According to the BLS…
The Bureau of Labor Statistics (BLS)(1) defines a fine artist as the type of creative worker who prepares show pieces for museums or sells fine art for personal or public use. As such, the artist may receive an order for a piece of artwork or work creatively and then try to sell the items via art galleries or art dealers.
The BLS warns that many a fine artist will have a difficult time to solely rely on their art to support themselves and instead will be required to also work another job on the side. It is undoubtedly this bit of information that has parents worry about their artistically inclined students. Interestingly, there are some little-known options.
Capitalize on the Differences
The standard difference between a fine arts and a standard arts degree is the use of the finished product. Fine arts tend to refer to aesthetically pleasing forms of painting, sculpting and other visual art forms. A standard arts degree emphasizes the practical nature of the craft, such as the creation of furniture, fashion or industrial designs.
For example, the University of Louisville(2) offers a Bachelor of Arts degree that emphasizes drawing, photography and mixed media work. In contrast, a Bachelor of Fine Arts is offered to the studio artist who wishes to work in communication art and design as well as interior architecture.

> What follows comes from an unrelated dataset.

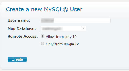 Step 9: Create a database account in the server where the WWW A Record is pointed to. Please follow the below settings for access type and home directory.

The school outlines that a studio artist may find employment as an advertising artist, graphic designer, art therapist, display painter, landscape architect, color expert, calligrapher, furniture designer, engraver, mannequin decorator and more. The Academy of Art University’s School of Fine Art(3) underscores this trend by also adding jewelry design to its offerings.
After the Bachelor Degree
Although an advanced degree is not necessary to begin receiving fiscal remuneration and build name-recognition from a fine arts degree, it is vital to remember that arts – just like any other money-making field of business – are competitive endeavors. Mere talent, drive and a desire to succeed are insufficient. As outlined by the DePaul career center(4), specialization is a key component to this type of education and the development of a professional portfolio must be an ongoing labor of love.
Artists should consider relocating (at least temporarily) to major metropolitan areas where their crafts are in demand. For example, set designers may consider spending some time in Hollywood, California to get studio experience while fashion artists and designers will be wise to visit and work in New York City, for hands-on practical experience in what is termed the “fashion capital of the United States.”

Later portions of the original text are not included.